You start out wearing pure white, right?

So Robin Richardson, 24, decided to be a bride, because, as she pointed out, "White dresses are typically for a wedding." Although she acknowledged her flowing dress and veil were a "little dated," the price was right: $12 at Salvation Army.

And by the end of the race at the Kern County Fairgrounds, she and her "groom" for the day, Leila Miss, 23, were splattered with a rainbow of colors from what participants dub "color bombs."

No more white dress, no more crisp white wedding shirt.

That's the idea, folks. Bakersfield's second Color Me Rad 5K is, well, all about being just a tad bit radical -- for fun, for fitness and for a good cause.

More than 5,000 people indulged, Color Me Rad volunteer coordinator Kristine Peterson said, and a portion of funds brought in go to a local charity partner.

In this case, Cal State Bakersfield benefits. Emily Poole, the university's assistant director of campus programs, said some money will go to put on a dance marathon, an event during which money is raised to then go to Children's Miracle Network at Bakersfield Memorial Hospital.

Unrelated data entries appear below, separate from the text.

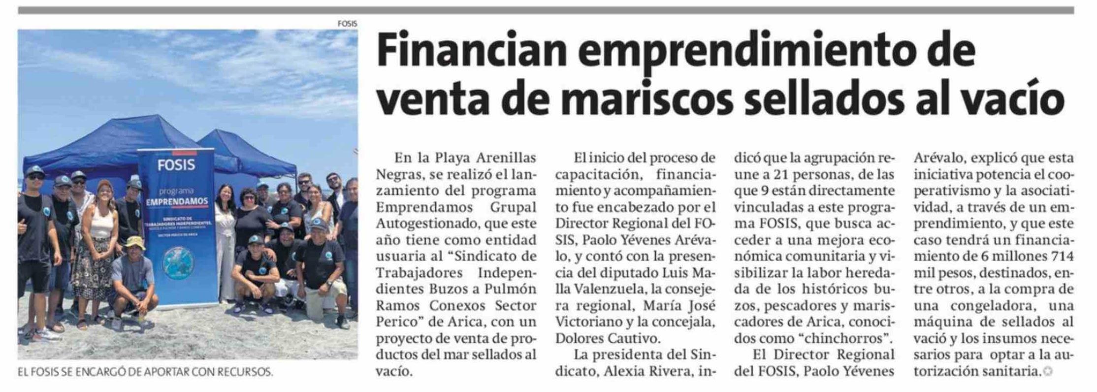Título: Financian emprendimiento de venta de mariscos sellados al vacío
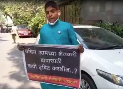 The poster has a simple query: “Sachin, When will you tweet for our farmer-fathers”, grabbing attention from the passersby in Bandra with many clicking his pictures or filming videos.
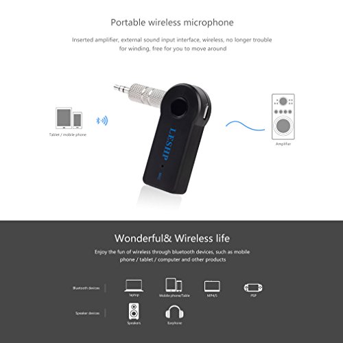 Title : Bluetooth Audio Receiver Adapter , LESHP Mini Portable Wireless Bluetooth Hands-free Car Kits Music Audio Receiver Adapter Built-in Mic Audio 3.5mm Stereo A2DP Music Streaming Car Kit for Car AUX IN Home Speaker MP3 with Mic Black
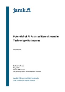 Tulokset kumpusivat primäärisestä aineistosta kahdeksan kvalitatiivisen haastattelun pohjalta, jotka olivat yhteydessä asetettujen tutkimuskysymysten kriteereihin. Selkeimpinä tuloksina olivat positiiviset sekä negatiiviset näkemykset, joissa tekoälyllä saattaa olla vaikutus tulevaisuuden rekrytointiin sekä perusteita olla ottamatta tai ottaa käyttöön kyseisiä ominaisuuksia tulevaisuuden rekrytointitoiminnassa. Johtopäätöksenä tutkimuksen nähtiin vastanneen asetettuihin tutkimuskysymyksiin kattavasti huolimatta tutkimuksen haasteista sekä rajoitteista. Tutkimus vahvistaa sen, mitä edeltävät samaa kenttää edustavat tutkimukset ovat ehdottaneet. Jatkotutkimukselle on edelleen tarve myös tulevaisuudessa. The rapidly changing world of technology creates new innovative possibilities for modern businesses. Many industries can benefit from various technological solutions created by these innovations. A current hot topic amongst those technologies is artificial intelligence. The overall potential of artificial intelligence is widely acknowledged, alongside the challenges that might be faced through the development of fourth industrial revolution.
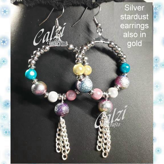 The total length of the earrings including the surgical steel hooks is 8.5cm, the stardust beads are 8mm.
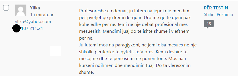 Dhe këtë e keni bërë në një faqe që administrohet prej meje, prandaj mos prisni ndonjë mirëkuptim. Aq më keq po të keni qenë një grup mësuesish “në një shkollë periferike të qytetit të Vlorës.”
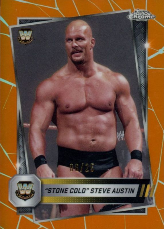 Best Prices Available For Sale of Steve Austin 2025 Topps Chrome WWE #6 Orange Refractor /25
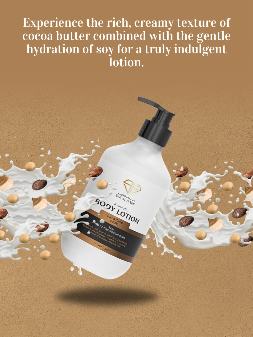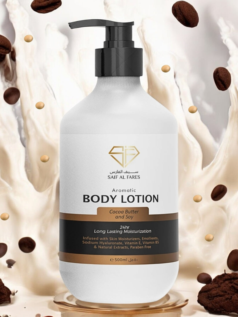 Saif Al Fares Cocoa Butter and Soy Body Lotion, this indulgent lotion blends rich cocoa butter with moisturizing soy extracts to provide your skin with intense hydration and a velvety-smooth texture. Ideal for daily use, it leaves your skin feeling soft, supple, and luxuriously moisturized.
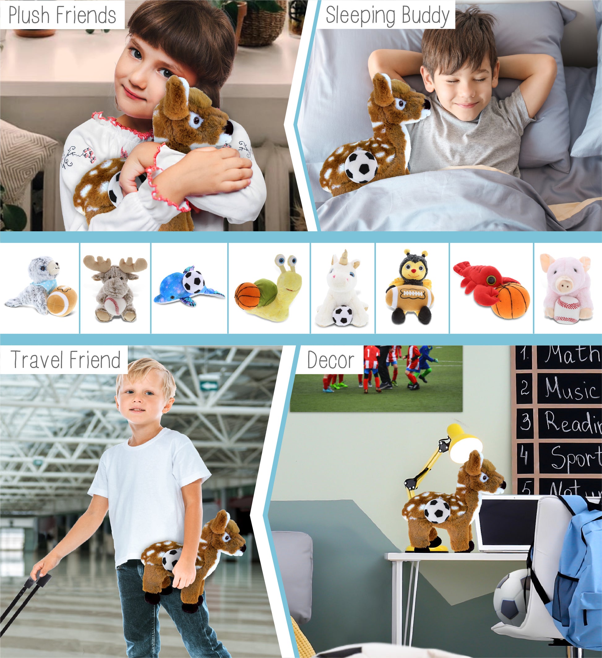 HIGH QUALITY SUPER SOFT PLUSH DEER STUFFED ANIMAL - The machine-sewn deer toy plush and soccer ball is made of premium-quality polyester, stuffed with soft fluffy polyester fillings. Made with durable and child-friendly features. Cute and snuggly deer standing. Cute deer soft toys designed to be your little one's best buddies. To maintain fluffy stuffed animals, wash deer plush toys with cold soapy water and allow it to air dry.
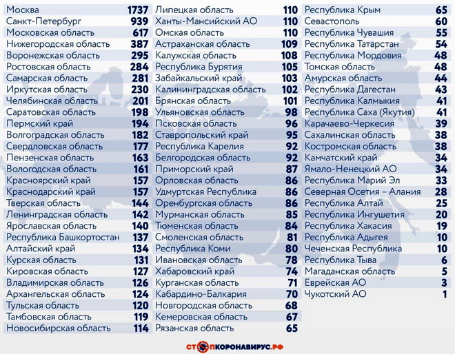 Санкт-Петербург (939 случаев), Московская область (617), Нижегородская область (387), Воронежская область (295), Ростовская область (284), Самарская область (281).
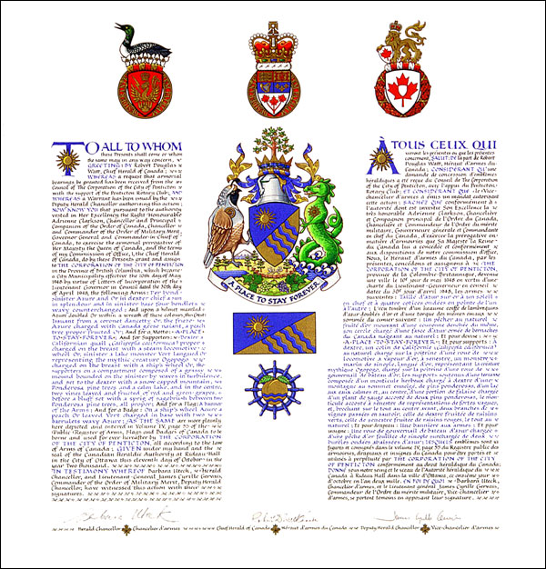 Additional InformationCreator(s)Original concept of Robert D. Watt, Chief Herald of Canada, assisted by the Heralds of the Canadian Heraldic Authority PainterDebra MacGarvie CalligrapherJudith Bainbridge Recipient TypeCivil Institution
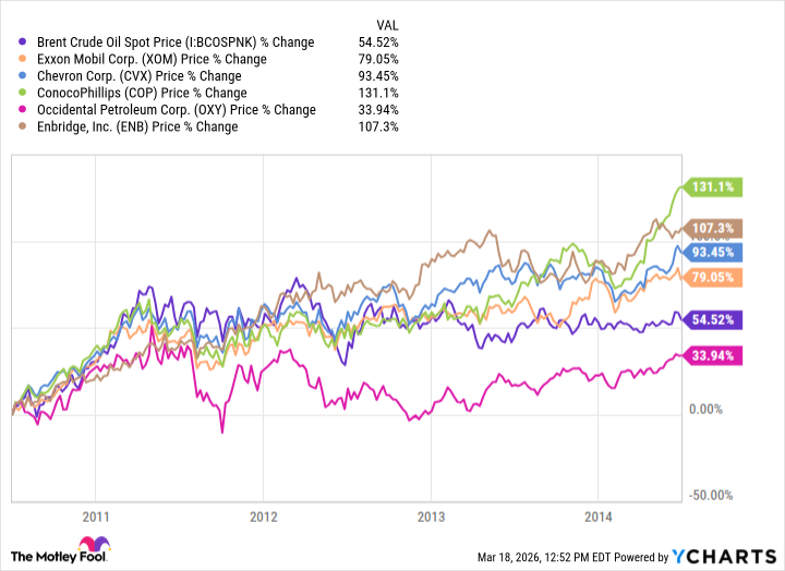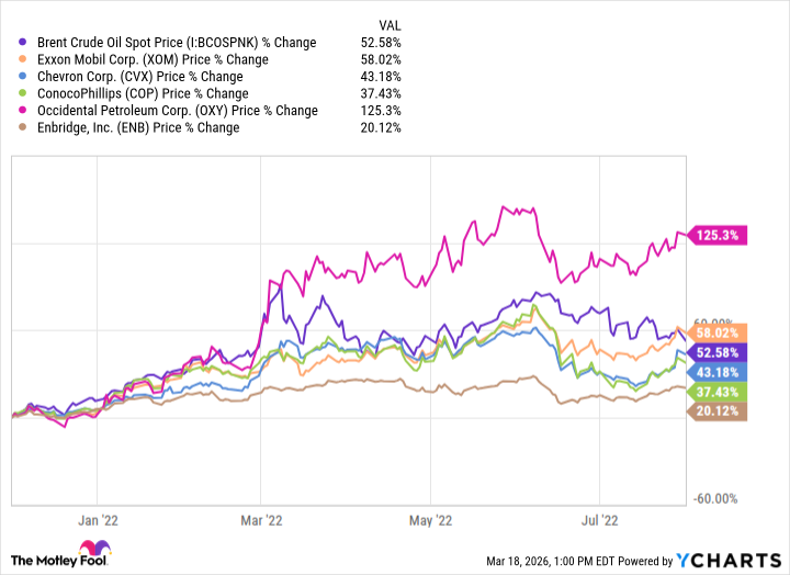 Remember 2008? The world was imploding, everyone was panicking, and oil was, naturally, soaring. It hit $147 a barrel. The sheer audacity. Most oil stocks did okay, I suppose. A polite little bump. But some… excelled. Occidental Petroleum (OXY +2.06%) actually delivered. Over 50% return. Good for them. ExxonMobil (XOM +0.40%)? A pathetic 3%. Honestly, you’d think with all that branding and lobbying, they could manage a slightly more impressive showing. Enbridge (ENB +1.47%) did alright, as usual. Pipelines are always a safe bet, aren’t they? A bit…boring, but reliably profitable. Like a sensible cardigan. The rest? Lost value. Which, frankly, is how it should be. Someone has to pay for all this, and it’s rarely the people at the top.
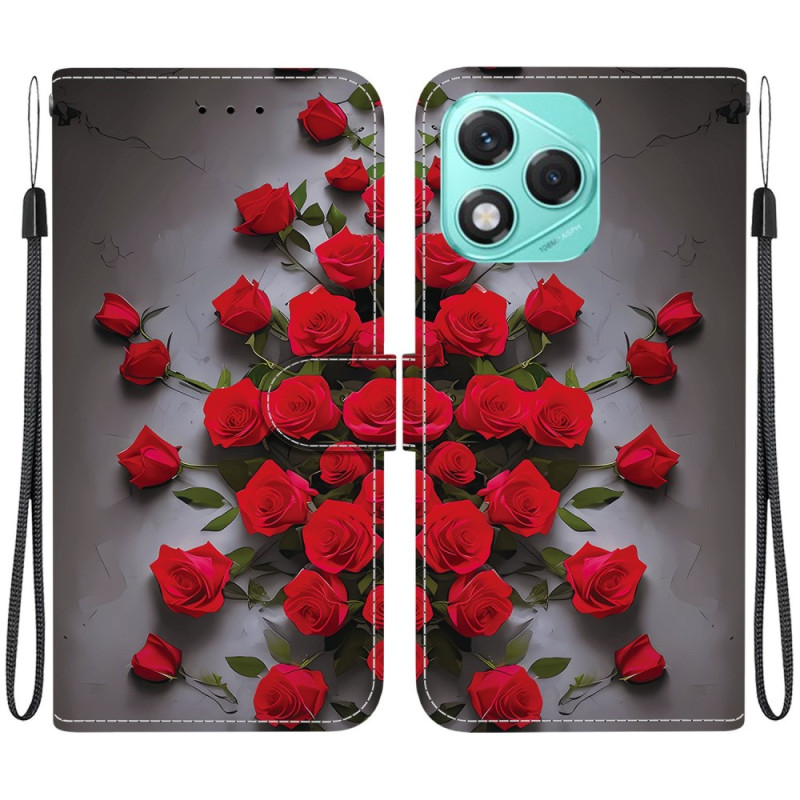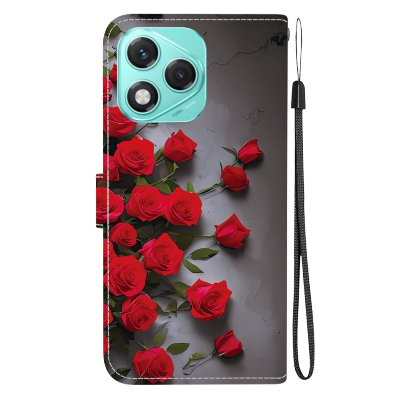 Elegante Tasche aus Kunstleder mit rosa-rotem Muster für Honor 400 Lite 5G. Verfügt über einen klappbaren Ständer, 2 Kartenfächer, ein Geldscheinfach und eine abnehmbare Handschlaufe. Sicherer Magnetverschluss für optimalen Schutz.
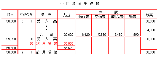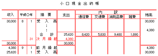 芦屋商店の小口現金出納帳の締切のうち正しいものを選びなさい。なお、芦屋商店はインプレスト−システムを採用しており、小口現金の支払報告は月末に行い、翌月初に補給している。
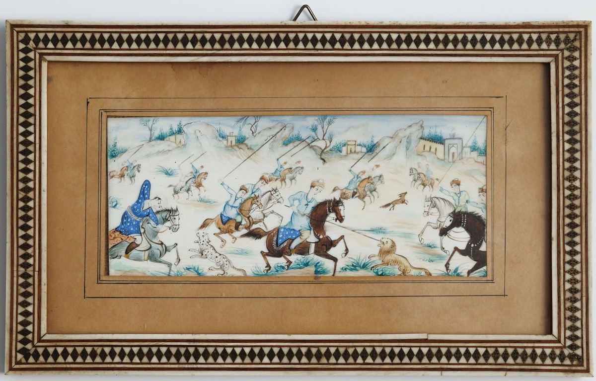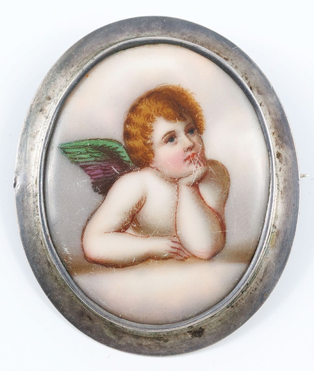 Porcelana, farby naszkliwne, oprawa srebro, 50 x 40 mm
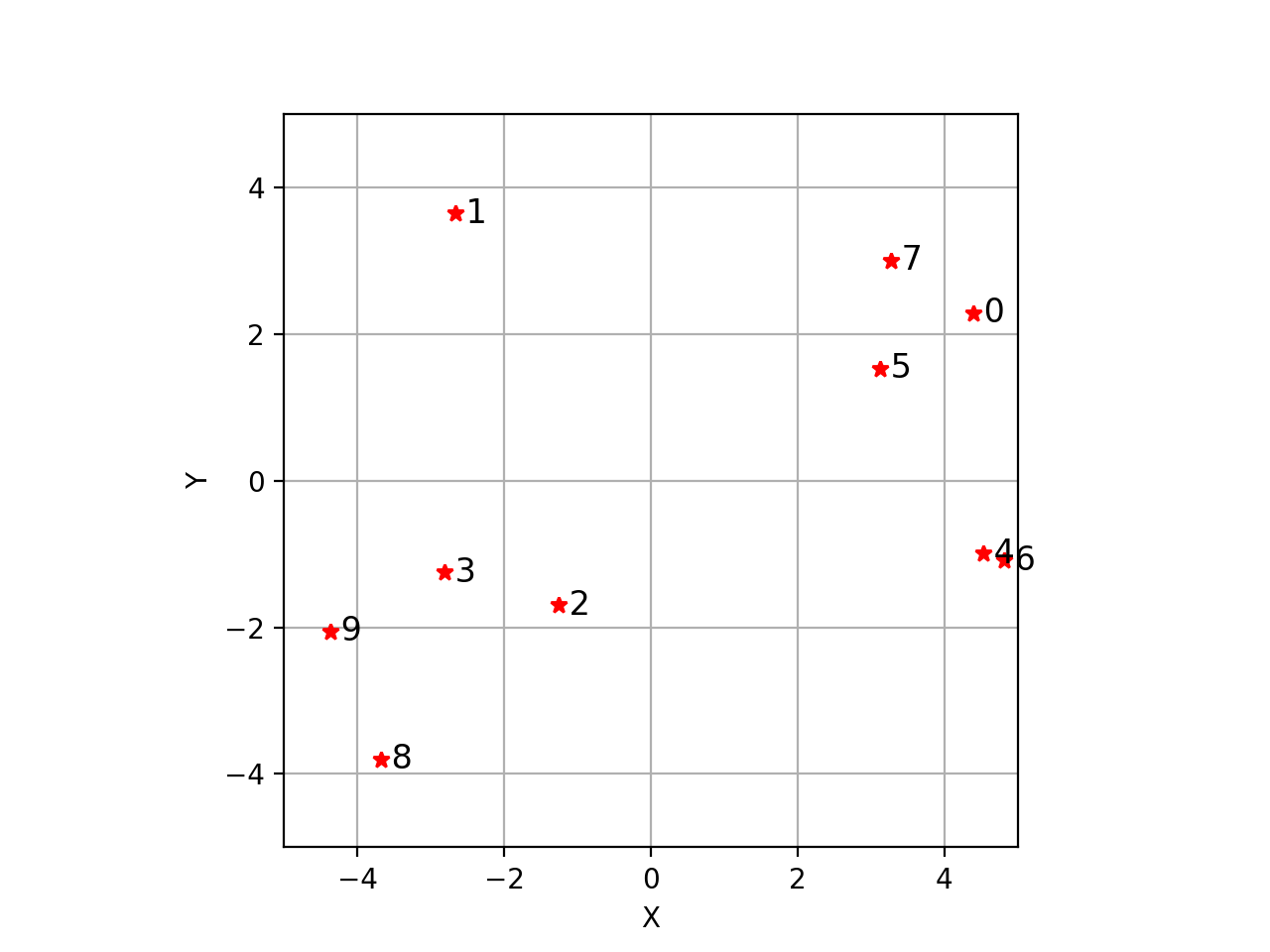 pand label them sequentially from 0:>>> p = np.random.uniform(size=(2,10), low=-5, high=5) >>> plotvol2(5) >>> plot_point(p, 'r*', '{0}')
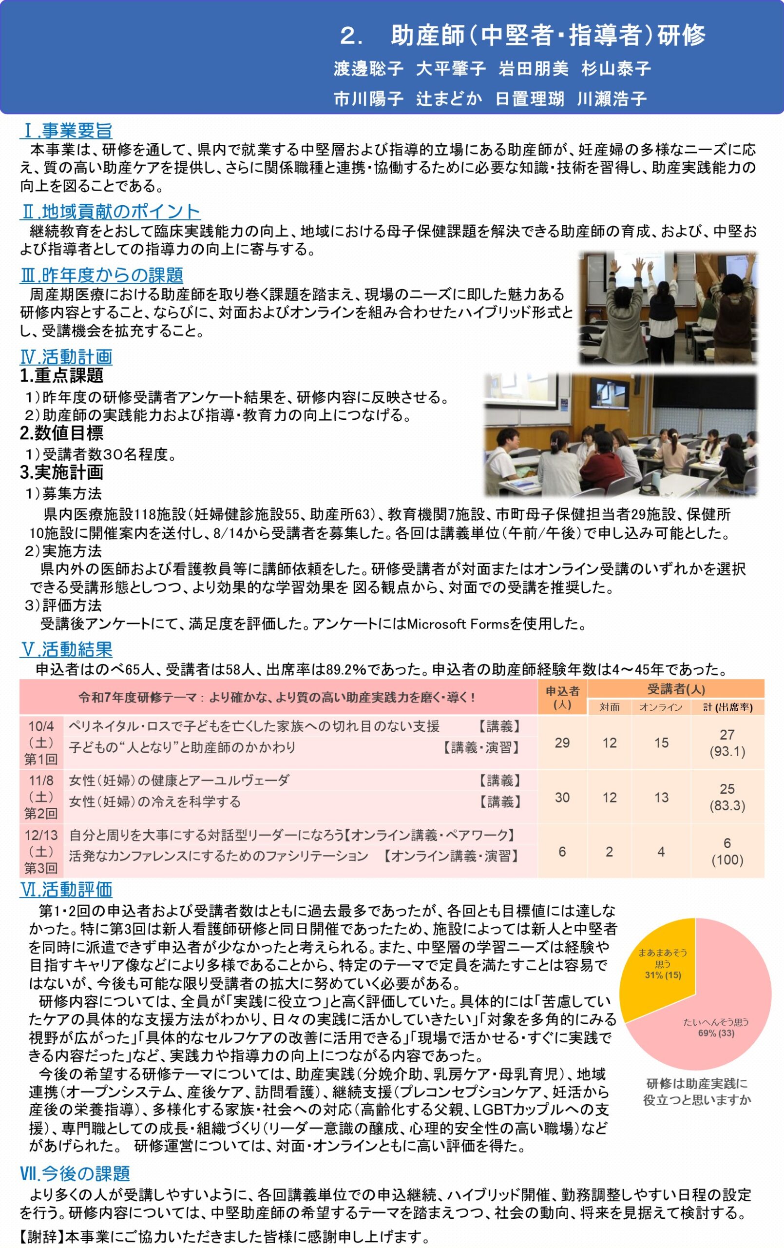本研修は、平成21年度より、三重県から「院内助産所・助産師外来開設のための助産師等研修事業(平成21~23年度)」、「助産師(中堅者・指導者)研修事業(平成24~28年度)」、「助産師(中堅者)研修事業(平成29~令和4年度)」、「助産師(中堅者・指導者)研修事業(令和5年度~)を受託し、県内で就業する助産師が、妊産婦の多様なニーズに応え、質の高い助産ケアを提供し、さらに関係職種と連携・協働するために必要な知識や技術を習得し、助産実践能力の向上を図るための支援を行う研修です。
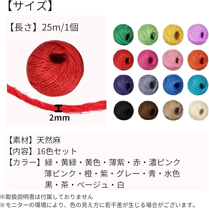 【サイズ】長さ25m/1個、太さ2mm【素材】天然麻【重量】440g 【内容】16色セット 【カラー】緑・黄緑・黄色・薄紫・赤・濃ピンク・薄ピンク・橙・紫・グレー・青・水色 ・黒・茶・ベージュ・白※取扱説明書は付属しておりません※モニターの環境により、色の見え方に若干差が生じる場合がございます。
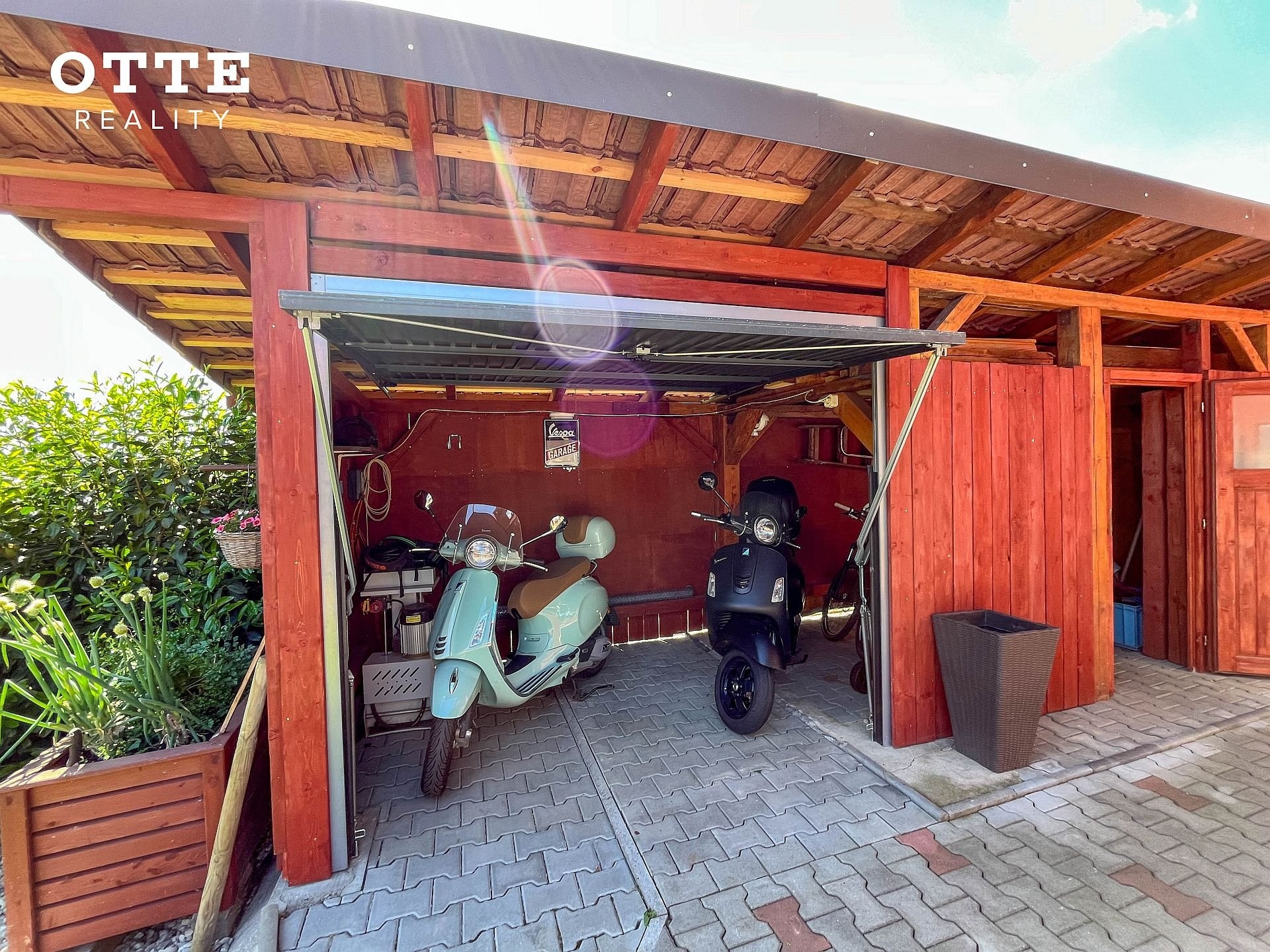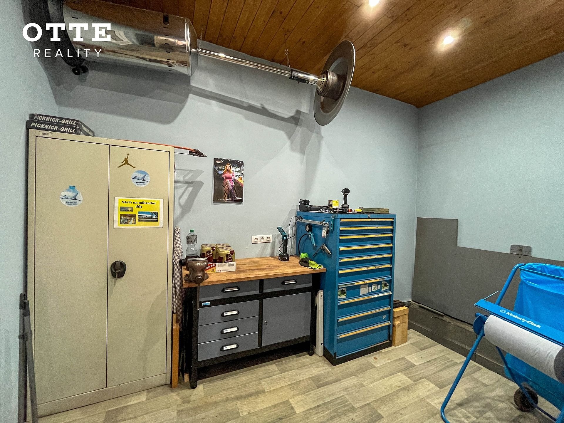 Na zahradě je prostorná samostatně stojící garáž s půdním úložným prostorem, na kterou navazuje dílna a sklad zahradního nářadí. Tato část je také částečně podsklepená. Tento sklepní prostor by byl vhodný např. pro zřízení vinotéky.
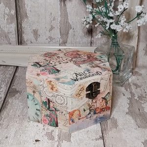 Alice in Wonderland jewellery box. Wooden hexagon keepsake storage. Mad Hatter, White Rabbit, Queen of hearts.

Other money will bolster student initiatives.

Waves of people lined up at the starting line to dash around the fairgrounds and get splattered with cornstarch -- the blue, green, pink, purple and yellow kind.

Monica Hupp, 34, brought her four children to race as part of a three-family group. The Hupp, Holloway and Martinez families became "Team Huppowaytinez," with T-shirts that said so.

"I did it last year and it was so fun," Monica Hupp said. This year she brought the kids.

Twins Anthony and Jude Hupp, 4, along with sister Mary, 3, entered the fairgrounds in a stroller built for three. Monica Hupp wasn't too worried about it being blasted with color, as she does not expect to get much more use out of it. She figured the kids would be pushed for part of the race, and walk on their own, too.

Individuality and creativity shined via participants' attire, from phrases such as "Color Me Nutty," "Fire Away" and "Hit me with your best shot" printed on T-shirts to rainbow wigs to colorful tutus.

Natasha Mizell, 25, was there with a group of women, two of whom celebrated birthdays in the last few days. And some wore pink tutus.

"We just decided instead of going out for her birthday, we'd do something healthy and fun," Mizell said.

Of the pink tutus, she said, her teammates "just wanted to stand out."